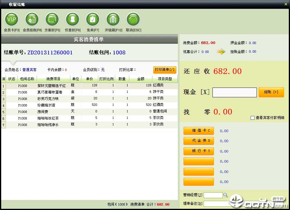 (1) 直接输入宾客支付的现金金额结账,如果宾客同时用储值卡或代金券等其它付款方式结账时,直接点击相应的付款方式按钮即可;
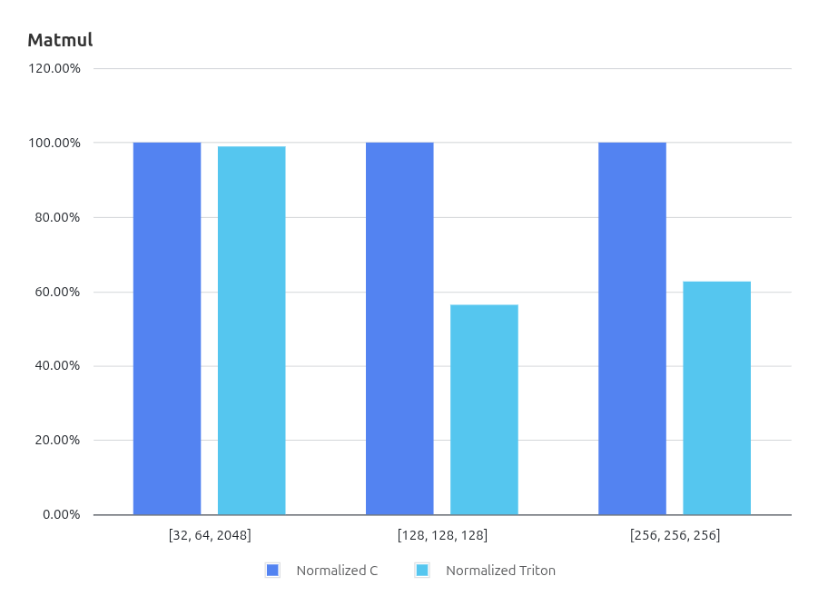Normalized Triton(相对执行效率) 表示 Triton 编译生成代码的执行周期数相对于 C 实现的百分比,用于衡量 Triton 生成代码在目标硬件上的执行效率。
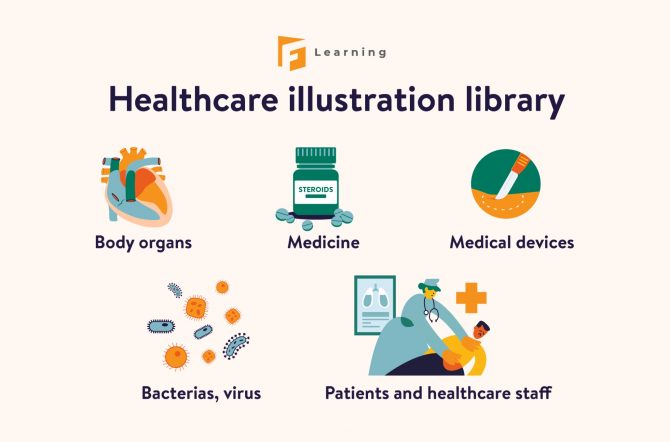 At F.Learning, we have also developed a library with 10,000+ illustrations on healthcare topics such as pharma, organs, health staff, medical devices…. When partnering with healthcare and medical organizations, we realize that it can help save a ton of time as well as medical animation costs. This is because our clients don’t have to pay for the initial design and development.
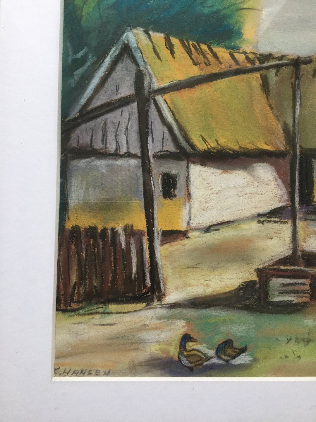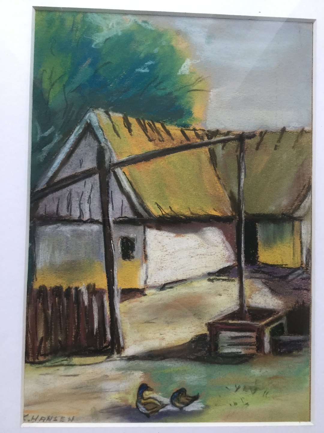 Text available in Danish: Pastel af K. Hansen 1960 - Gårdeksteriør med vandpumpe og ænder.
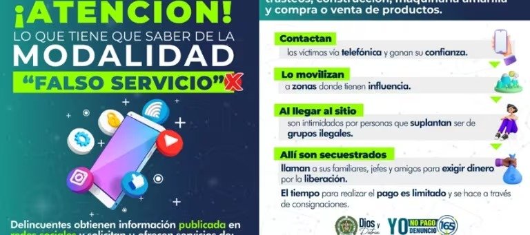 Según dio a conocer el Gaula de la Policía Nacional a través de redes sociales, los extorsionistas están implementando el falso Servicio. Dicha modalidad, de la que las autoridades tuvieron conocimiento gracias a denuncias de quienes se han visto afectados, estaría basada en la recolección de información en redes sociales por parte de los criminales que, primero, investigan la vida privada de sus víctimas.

━━━━

*Problem to work on*
Would you print exactly the lines in the listing above, from the line bearing "At F.Learning, we" through the line bearing "Text available in", leaving out all pictures?

*Response to this task*
 At F.Learning, we have also developed a library with 10,000+ illustrations on healthcare topics such as pharma, organs, health staff, medical devices…. When partnering with healthcare and medical organizations, we realize that it can help save a ton of time as well as medical animation costs. This is because our clients don’t have to pay for the initial design and development.
 Text available in Danish: Pastel af K. Hansen 1960 - Gårdeksteriør med vandpumpe og ænder.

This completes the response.